Birmanie: l'OCI appelle à sauver la minorité Rohingya d'un "génocide"

A l'occasion de la visite historique que doit effectuer lundi le président américain Barack Obama à Rangoun, "nous attendons des Etats-Unis qu'ils portent un message fort au gouvernement de Birmanie pour qu'il protège cette minorité", a déclaré Mahamoud Ali Youssouf, ministre djiboutien des Affaires étrangères et président en exercice de l'OCI.

Rangoun avait refusé mi-octobre l'ouverture d'une représentation de l'OCI en Birmanie, où des violences entre bouddhistes de l'ethnie rakhine et Rohingyas ont fait au moins 180 morts et 110.000 déplacés, principalement des musulmans, depuis juin dans l'ouest du pays.

"Ce qui se passe là-bas est un génocide", a estimé M. Ali Youssouf, s'exprimant lors d'une conférence de presse à l'issue d'une réunion des chefs de la diplomatie des pays membres de l'OCI à Djibouti.

"Nous pensons que les Etats-Unis et les autres membres permanents du Conseil de sécurité de l'ONU (...) devraient agir rapidement pour sauver cette minorité, soumise à une politique oppressive et à un génocide", a-t-il ajouté.

Les récentes violences communautaires et la situation des Rohingyas, des apatrides qui souffrent en Birmanie de diverses persécutions depuis des décennies, seront au menu de la visite du président Obama en Birmanie, avait assuré mercredi la secrétaire d'Etat américaine Hillary Clinton.

La Turquie appelle à faire cesser "le nettoyage ethnique"

"Il va de soi que nous attendons des autorités birmanes qu'elles garantissent la sécurité et la protection de toutes les populations de la région et agissent promptement à la fois pour mettre fin aux violences et pour enquêter et traduire les responsables en justice", avait-elle déclaré.

Le secrétaire général de l'OCI, le turc Ekmeleddin Ihsanoglu, a lui aussi appelé la communauté internationale à agir pour faire cesser "le nettoyage ethnique" de cette minorité.

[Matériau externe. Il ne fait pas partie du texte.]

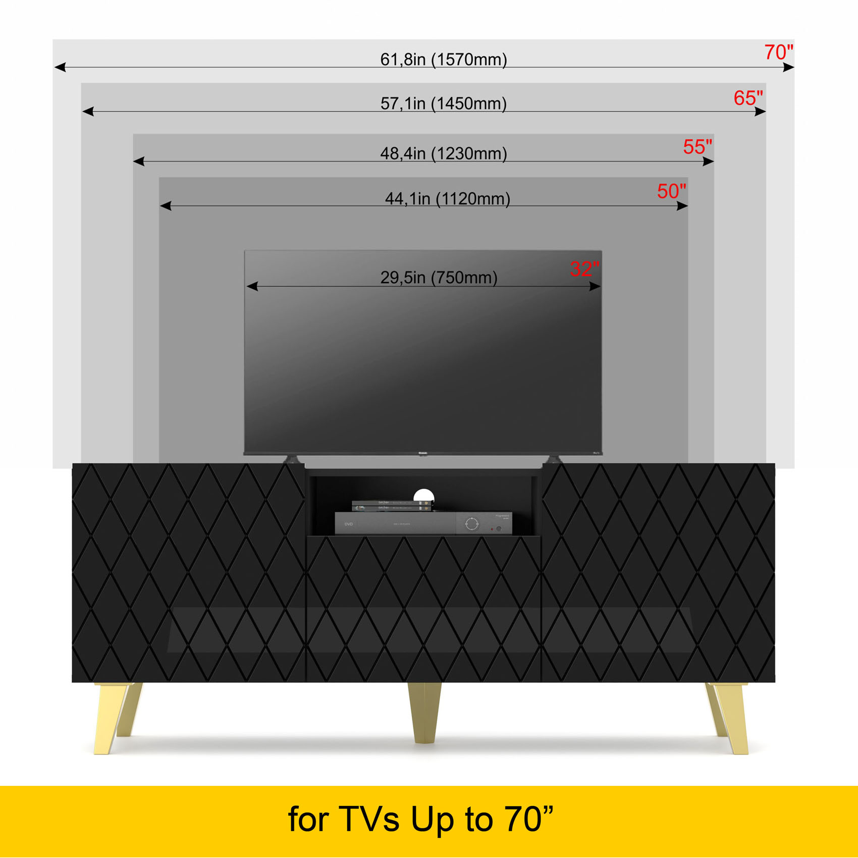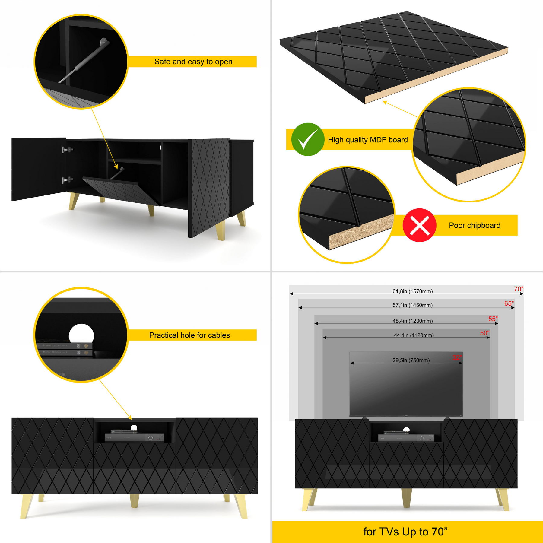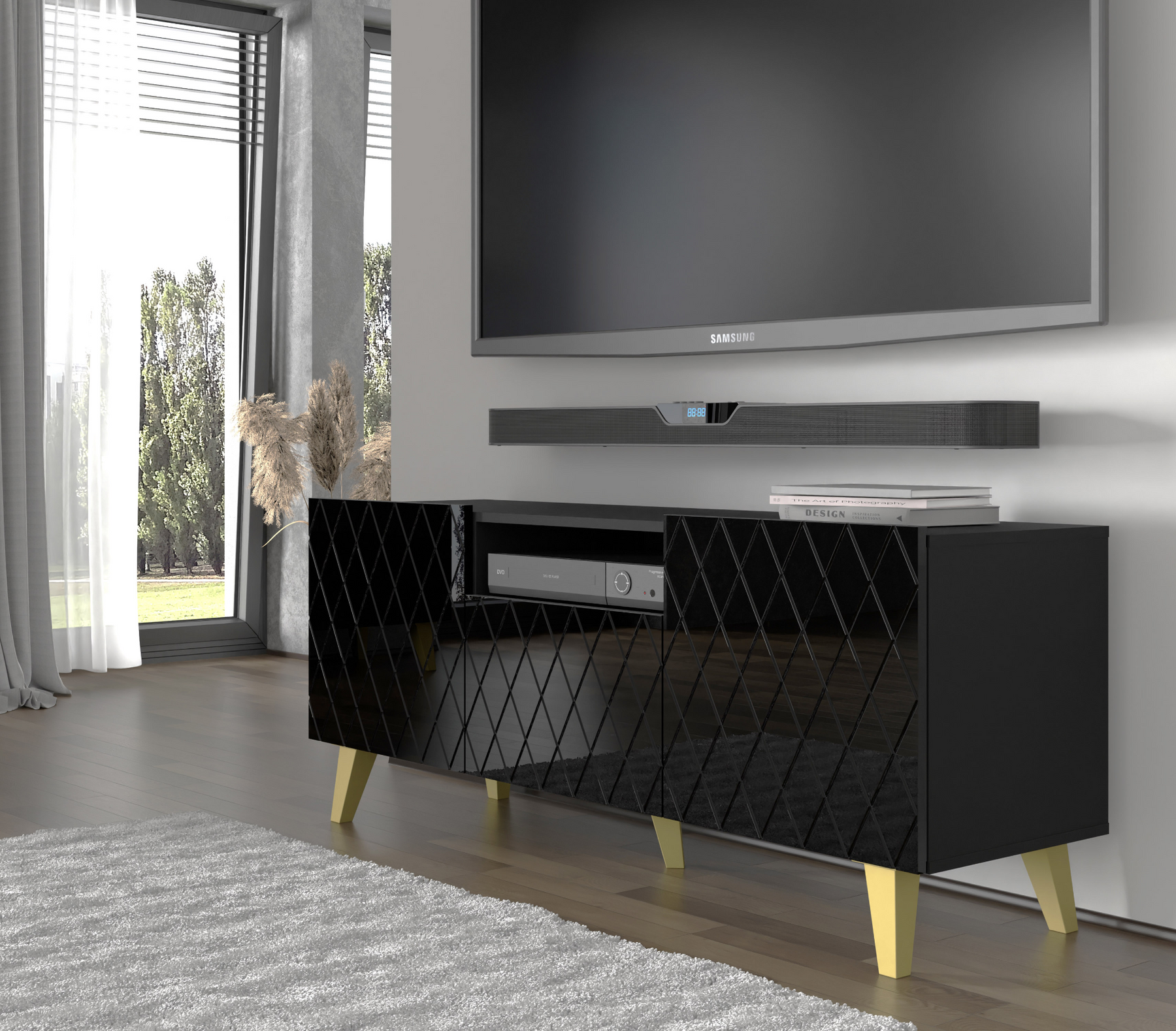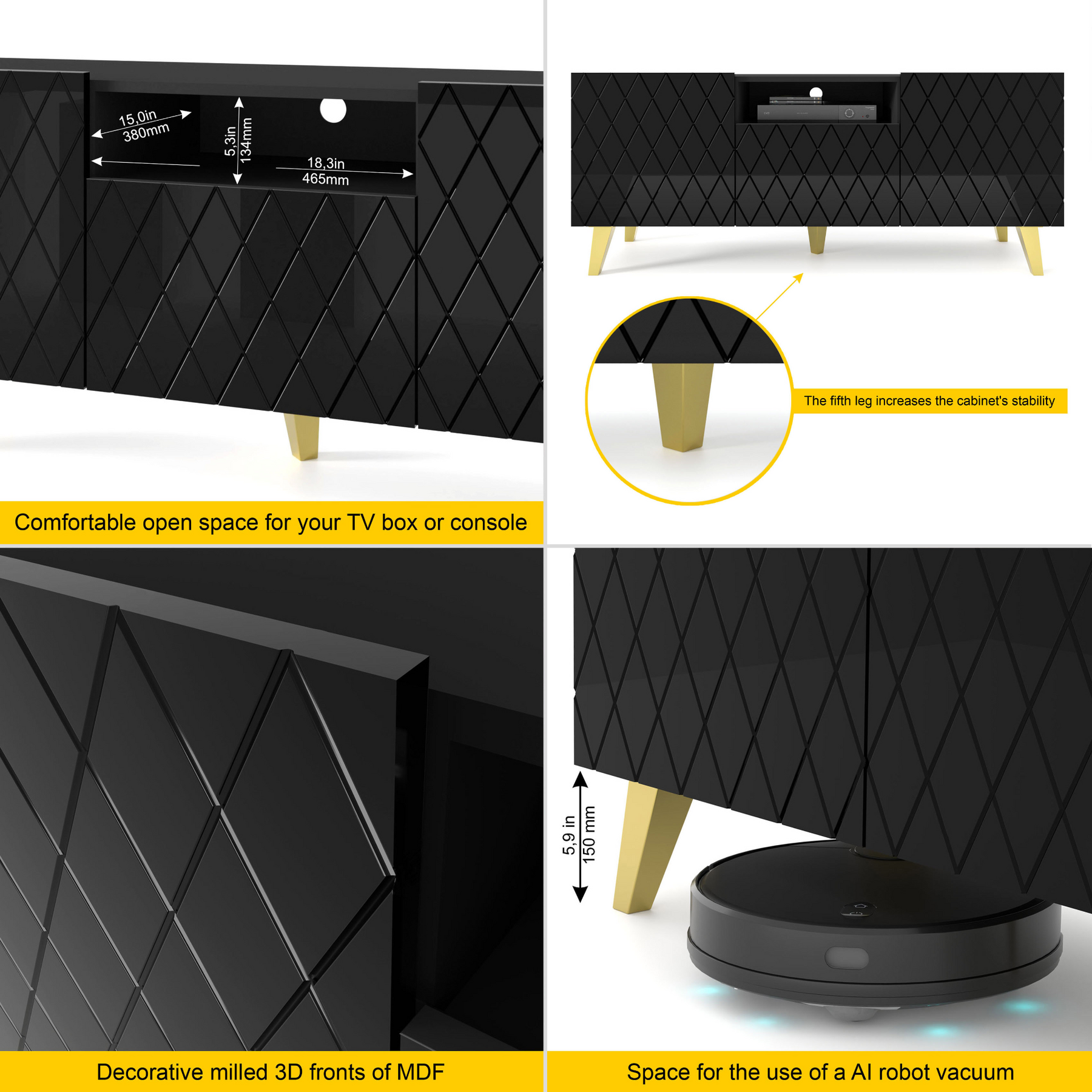 Classic Color Combination: With a black matt body, black gloss fronts, and gold legs, this TV stand adds a sophisticated touch to any living room.

Le dernier sommet de l'OCI, réuni en août à la Mecque (Arabie Saoudite), avait décidé de saisir l'Assemblée générale de l'ONU de ce dossier.

Parlant un dialecte similaire à celui parlé au Bangladesh, les quelque 800.000 Rohingyas de Birmanie ne sont pas reconnus comme citoyens birmans par le gouvernement et sont considérés par la plupart des Birmans comme des immigrants illégaux.

Cet ostracisme alimente un racisme quasi-unanime à leur encontre et le dossier est devenu extrêmement sensible dans la société birmane.

Dans un discours paru samedi dans le quotidien New Light of Myanmar, le chef de l'Etat birman Thein Sein a toutefois estimé que la Birmanie devait mettre fin aux violences communautaires dans l'ouest et s'attaquer aux causes profondes du problème sous peine de "perdre la face" aux yeux de la communauté internationale.

Selon Martin Nesirky, porte-parole de l'ONU à New York, il s'est engagé dans un courrier adressé au secrétaire-général de l'ONU Ban Ki-moon à un règlement en profondeur du dossier.

Les ministres des Affaires étrangères de l'OCI ont également adopté plusieurs résolutions sur les situations en Syrie, au Mali et à Gaza, notamment, mais les textes de ces résolutions n'étaient pas immédiatement disponibles.